Changes similar to those in the gill were observed in the skin. The structure of skin was well preserved in fish fixed with 20% FS only (Fig. 5a). The epithelium had lifted, and an artifactual space had formed under the epidermis and dermis in the skin fixed with BF and DF only (Fig. 5b). Slight artifactual spaces had also formed under the epidermis and dermis in the skin fixed by double fixation (Fig. 5c). Hemolysis was observed in fish fixed with all fixatives (Fig. 5d–f). Rather shrunken erythrocytes were observed in fish fixed with BF and DF only and in fish fixed by double fixation (Fig. 5e and f).

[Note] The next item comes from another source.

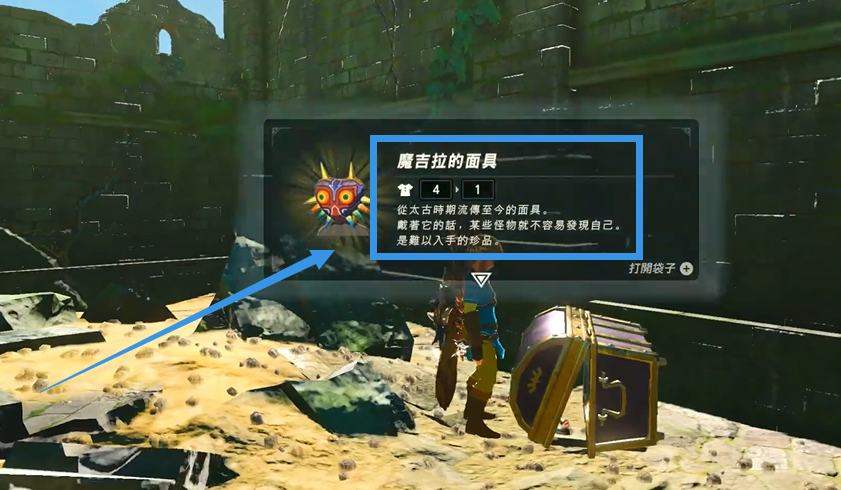 首頁 塞爾達傳說:荒野之息 問答 塞爾達太古面具在哪? 2022-09-21 1、首先打開地圖傳送到初始之塔。2、到達位置後,往向右下方降落。3、去往前面的遺跡。4、來到葛摩駐軍地遺跡的牆角位置,使用磁力抓取器抓取寶箱。5、最後打開寶箱就可以獲取太古面具。
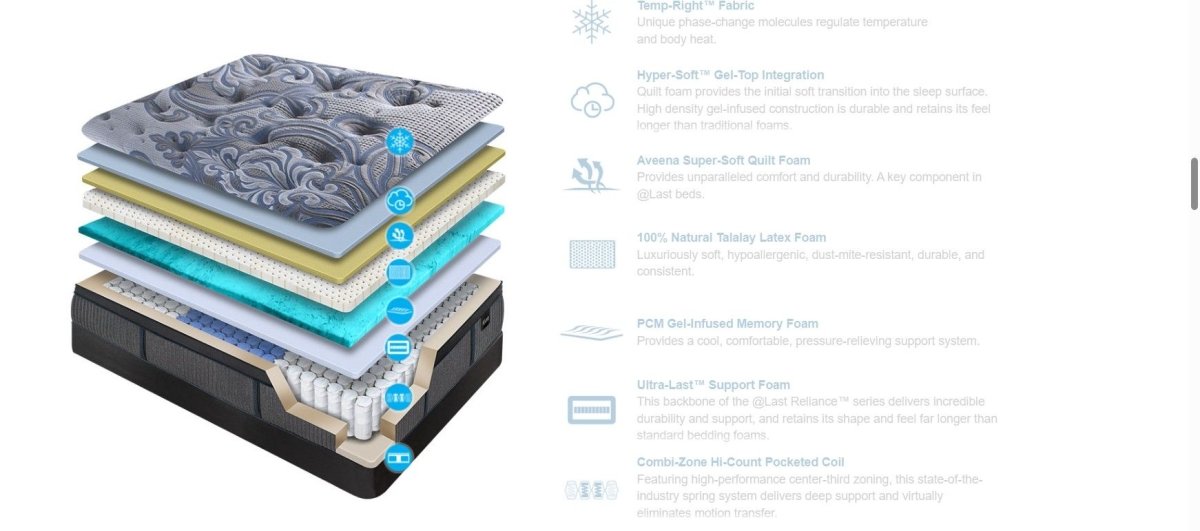 The surface begins with Temp-Right™ Fabric, featuring phase-change molecules that regulate body heat and keep you at the perfect temperature through the night. A layer of Hyper-Soft™ Gel-Top quilting foam provides a cool, plush transition into the mattress, paired with Aveena Super-Soft Quilt Foam for long-lasting softness and resilience.

The parameters for evaluation

The scores of eight parameters are shown in Table 3. The results obtained in this study indicated that fixation with 20% FS only and double fixation with 20% FS and BF gave relatively high scores for each parameter. Though fixation with 20% FS only gave relatively high scores by preventing the effects of postmortem autolysis at 4°C, the autolytic changes in the liver and intestinal tract with 20% FS only were more severe, and the intensity of H&E staining was inferior to that with BF fixation for 5 h after 20% FS fixation for 1 h. Furthermore, considering the field study at ambient temperature, fixation at 4°C is considered to be difficult, so the difference between fixation with 20% FS only and double fixation with 20% FS and BF is considered to be larger.

Table 3.

Scores on Comparison of Different Fixatives

Fixatives are used to prevent autolysis by inactivating lysosomal enzymes and to stabilize the fine structures both inside and between cells by making macromolecules resistant to dissolving in water and other liquids. The most commonly used fixative for histopathology is a 10% FS because it includes inorganic salts that maintain a near-neutral pH and an osmotic pressure close to that of mammalian extracellular fluid. It is known that despite rapid penetration into tissues, FS has the characteristic of slowly reacting with tissue proteins, especially in the formation of methylene bridges. Therefore, in this examination, it was also considered that FS causes defective preservation of some tissues in intact fish bodies. On the other hand, BF or DF is designed to rapidly penetrate into tissues by mixing with formalin. However, BF and DF have a defect in that they cause artifactual space formation through the shrinking effect of picric acid and ethanol. They have another defect in that they cause hemolysis through the lytic effect of acetic acid. So, we tried to improve the fixing procedures to prevent these artifacts. The double fixation method with glutaraldehyde and osmium, which is a well-known method for biological electron microscopy examinations, was applied. In this improved method, 20% FS was used as the primary fixative, and subsequently BF or DF was used as the secondary fixative. We intended the semi-fixation effect caused by immersion into the primary fixative prevented the artifacts caused by the secondary fixative. We set the temperature and duration for the primary fixation at 4°C and 1 h, respectively, and then we examined both the most suitable fixative and better fixing conditions for the secondary fixation. The results showed that BF is most suitable as the secondary fixative for fixation at 4°C for 5 h for whole bodies of juvenile fish. However, since artifactual space formation in the skin or kidney could not be prevented completely, it may be necessary to use other fixatives if artifactual space formation is obvious in target organs.

Conclusion

The results of the present study showed that the double fixation method with 20% FS and BF is most suitable for fixation of whole bodies of juvenile fish at 4°C. We also examined the whole body-fixation procedures for adult fish (body length: approximately 20 to 25 mm), and we found that fish must be dissected along the ventral midline from the anus to just below the gills and that the abdominal cavity should be opened so that it can be filled with the fixatives.

Disclosure of Potential Conflicts of Interest

The authors declare that they have no conflict of interest.